A spokesman for De Beers, an Anglo American unit, said in an email it was not mining in Zimbabwe and did not intend to. Vast Resources said it could not comment.
Zimbabwe has been working to rebuild investor confidence since long-term leader Robert Mugabe was ousted in late 2017.
This month its mining ministry said it would let in two new companies but did not name them.
On Wednesday, Chitando told Reuters De Beers and Vast Resources would be allowed to mine, but could not comment on any changes to ownership rules. "Those are the details that have to be thrashed out," he said."Those are the details that have to be thrashed out."
Vast Resources signed a memorandum of understanding with Botswana Diamonds in May to form a special purpose vehicle majority-owned by Vast to develop resources in Zimbabwe.

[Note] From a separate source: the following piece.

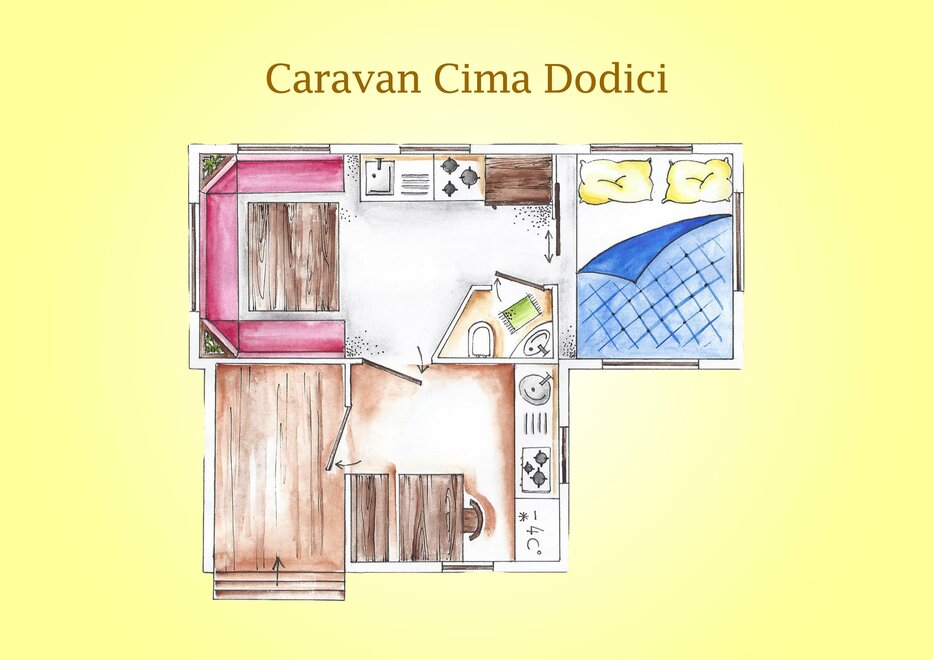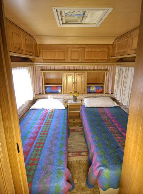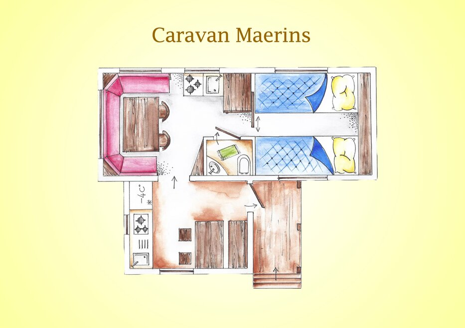 Kemping oferuje noclegi w przyczepach kempingowych dla 2 do 4 osób, odpowiednich na wszystkie sezony z lub bez toalety. Przyczepy są wyposażone w garnki, naczynia, lodówkę, kuchenkę gazową, zlew, poduszki, koce. Każda jednostka mieszkalna posiada drewniane i tyrolskie przedsionek. Ten typ zakwaterowania oferuje zaletę powiększenia dostępnej przestrzeni. Latem na zewnątrz dostępne są: parasol, leżaki i krzesła z stołem. Prysznice w tych rozwiązaniach mieszkalnych znajdują się w ogólnodostępnych toaletach kempingu.

In November, Chitando said Zimbabwe did not plan to change radically its ownership laws for platinum and diamonds.
Few miners doubt the potential of Zimbabwe's mineral resources and it is among the world's leading diamond-producing countries. But some investors are concerned about how much money companies can take out because of dollar shortages.
Mugabe accused De Beers of looting the largest diamond fields in Marange in eastern Zimbabwe, where production is dominated by state-owned Zimbabwe Consolidated Diamond Company. De Beers denied the charge.
Zimbabwe Consolidated Diamond Company is one of two firms currently allowed to mine diamonds there. The other, Murowa Diamonds, majority-owned by Rio Tinto until June 2015, is the only private...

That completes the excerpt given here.